[Assigned task]:
Every line between the one containing "À l'extérieur de" and the last line of the data, both included, is to be set down exactly, and pictures are to be omitted.

[Raw data]:
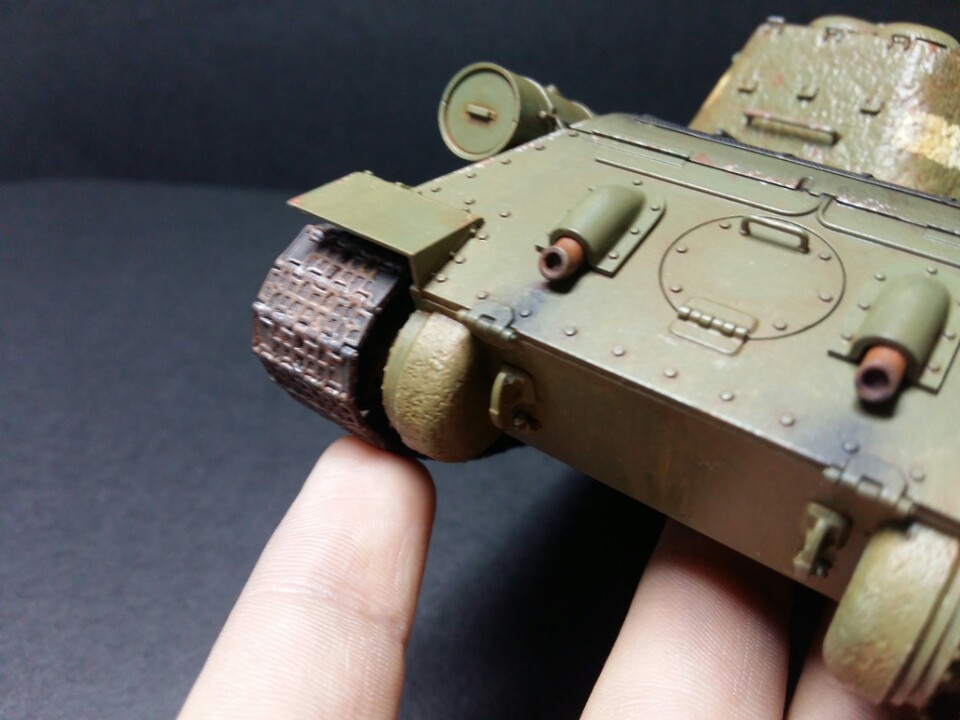 아카데미 T-34의 가장 큰 문제로 지목되는 벤틸레이터와 기동륜 기어 드럼의 주조 표현입니다. 아쉽게도 오류를 알면서도 제 실력의 부족으로 완전히 매끈하게 수정하지는 못했습니다. ㅠㅠ
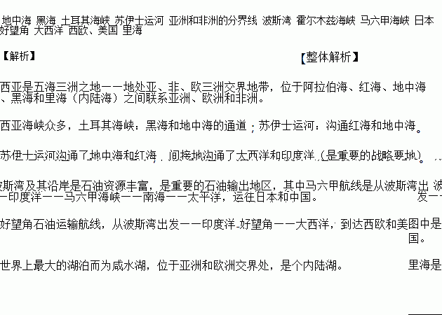 (3)图中③是________湾。该海湾的石油通过(___)海峡进入印度洋通过(____)海峡进入太平洋输往(____)(国家)
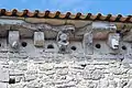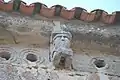 À l'extérieur de l'abside, entre les modillons, sculptés avec des gueules d'animaux et têtes d'hommes, qui portent la corniche, des trous ronds sont forés, comme dans le clocher de l'église Saint-Georges de Montagne et dans la corniche de Saint-Front de Périgueux.
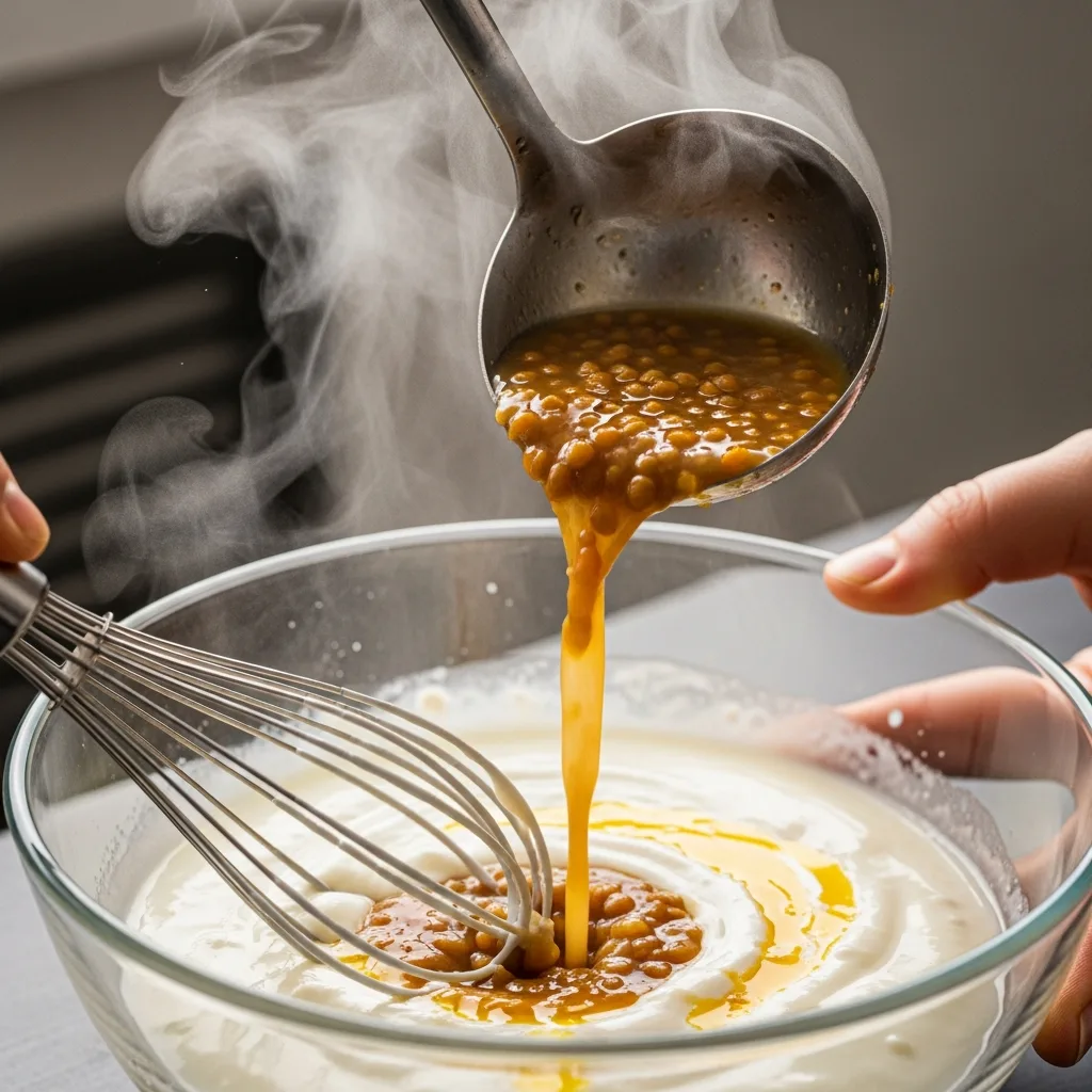 Çorbanın sıcak suyundan bir kepçe alıp yavaşça ve sürekli karıştırarak terbiyeye ekleyin (bu işleme ılıştırma denir ve terbiyenin kesilmesini önler).

[Output for this exercise]:
 À l'extérieur de l'abside, entre les modillons, sculptés avec des gueules d'animaux et têtes d'hommes, qui portent la corniche, des trous ronds sont forés, comme dans le clocher de l'église Saint-Georges de Montagne et dans la corniche de Saint-Front de Périgueux.
 Çorbanın sıcak suyundan bir kepçe alıp yavaşça ve sürekli karıştırarak terbiyeye ekleyin (bu işleme ılıştırma denir ve terbiyenin kesilmesini önler).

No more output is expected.